[Directions for this task] Where pictures appear, omit them, and copy exactly only the lines from the start of the listing through the line containing "Cepillo de mano, pegatinas", both included.

BEGIN Source material

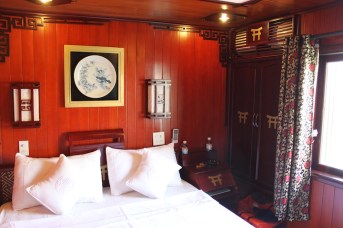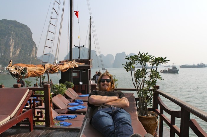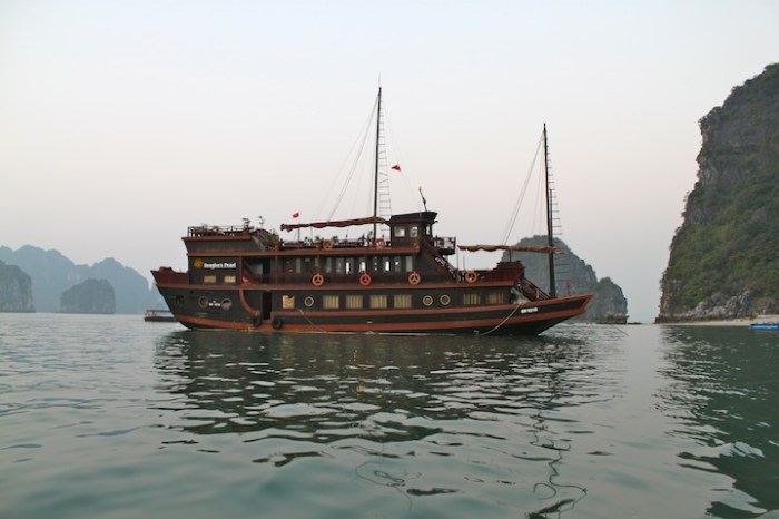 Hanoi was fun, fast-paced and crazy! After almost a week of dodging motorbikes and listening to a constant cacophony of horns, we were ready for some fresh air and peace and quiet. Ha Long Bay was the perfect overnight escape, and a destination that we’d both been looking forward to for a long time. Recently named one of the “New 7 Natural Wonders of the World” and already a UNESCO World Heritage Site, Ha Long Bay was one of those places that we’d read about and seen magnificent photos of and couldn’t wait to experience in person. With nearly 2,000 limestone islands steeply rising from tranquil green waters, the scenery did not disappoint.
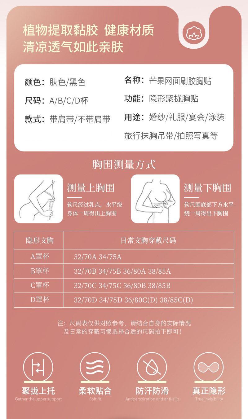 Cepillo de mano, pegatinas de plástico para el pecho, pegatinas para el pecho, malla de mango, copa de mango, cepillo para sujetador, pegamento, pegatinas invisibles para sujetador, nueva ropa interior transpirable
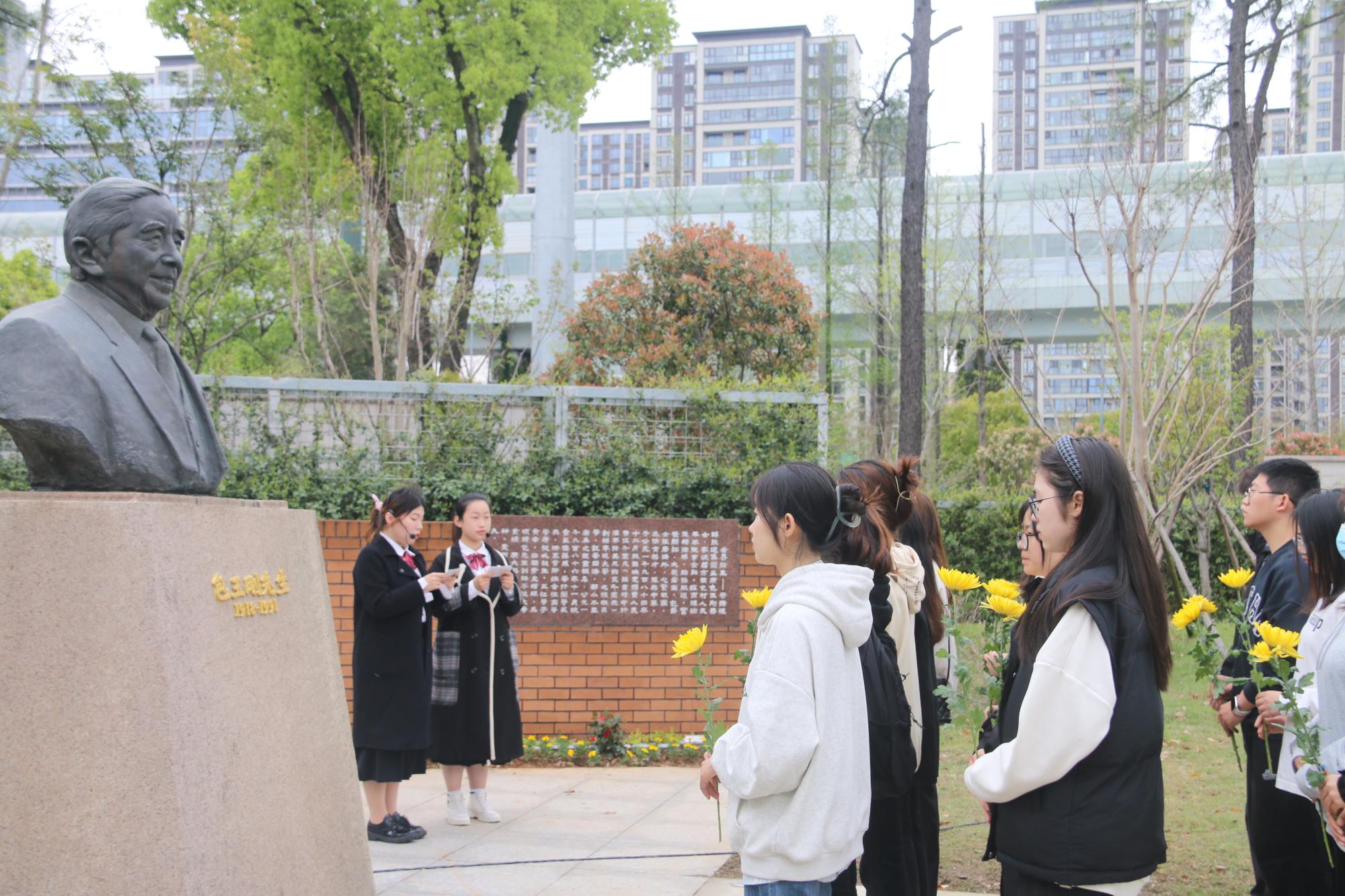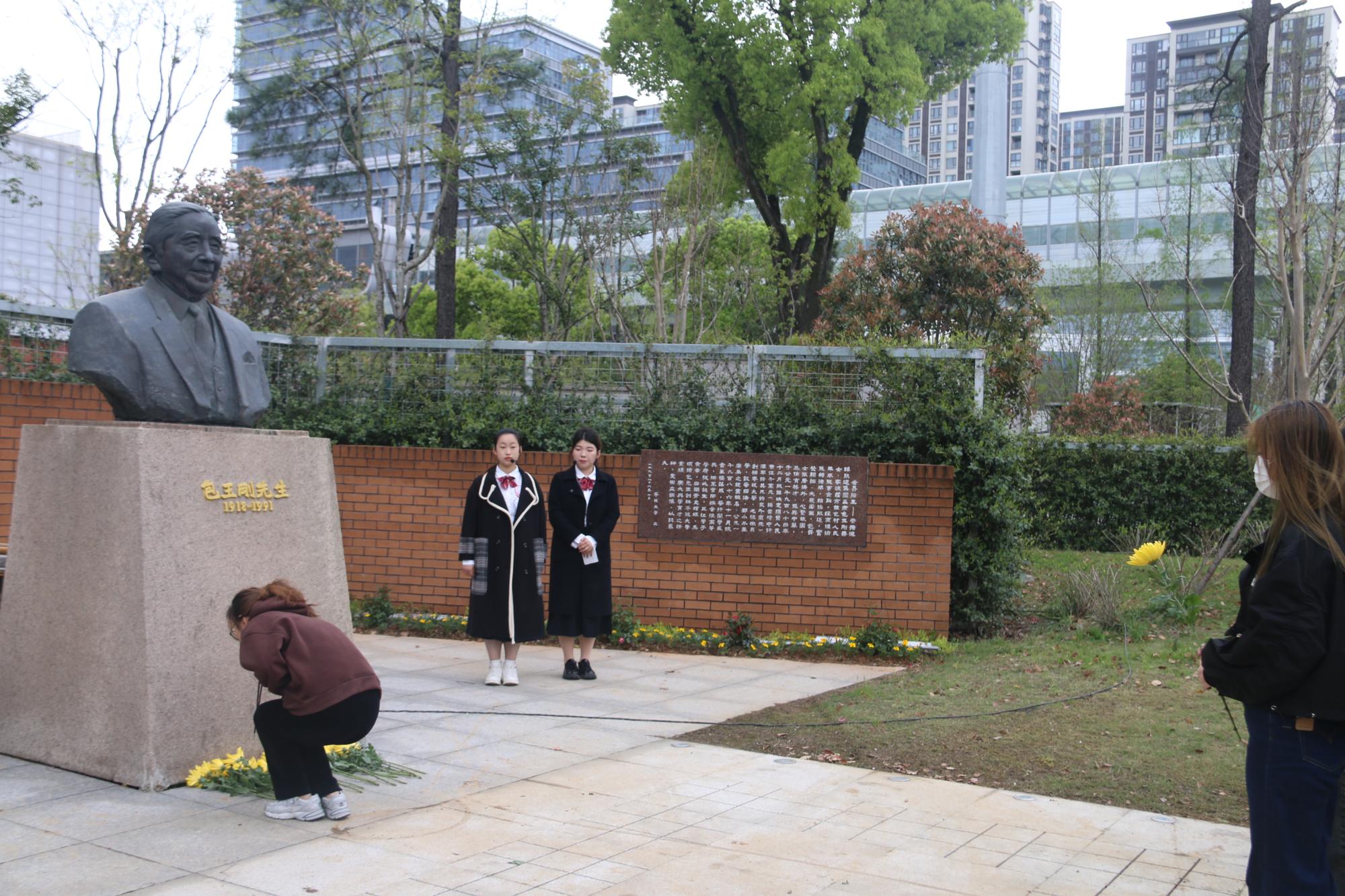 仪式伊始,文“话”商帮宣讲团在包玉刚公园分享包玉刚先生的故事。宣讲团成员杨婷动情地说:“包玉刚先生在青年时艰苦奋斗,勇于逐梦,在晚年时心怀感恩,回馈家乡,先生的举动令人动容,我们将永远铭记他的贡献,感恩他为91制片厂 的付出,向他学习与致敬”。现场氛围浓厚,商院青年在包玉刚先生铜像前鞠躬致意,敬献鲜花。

END Source material

[Response to the task]
 Hanoi was fun, fast-paced and crazy! After almost a week of dodging motorbikes and listening to a constant cacophony of horns, we were ready for some fresh air and peace and quiet. Ha Long Bay was the perfect overnight escape, and a destination that we’d both been looking forward to for a long time. Recently named one of the “New 7 Natural Wonders of the World” and already a UNESCO World Heritage Site, Ha Long Bay was one of those places that we’d read about and seen magnificent photos of and couldn’t wait to experience in person. With nearly 2,000 limestone islands steeply rising from tranquil green waters, the scenery did not disappoint.
 Cepillo de mano, pegatinas de plástico para el pecho, pegatinas para el pecho, malla de mango, copa de mango, cepillo para sujetador, pegamento, pegatinas invisibles para sujetador, nueva ropa interior transpirable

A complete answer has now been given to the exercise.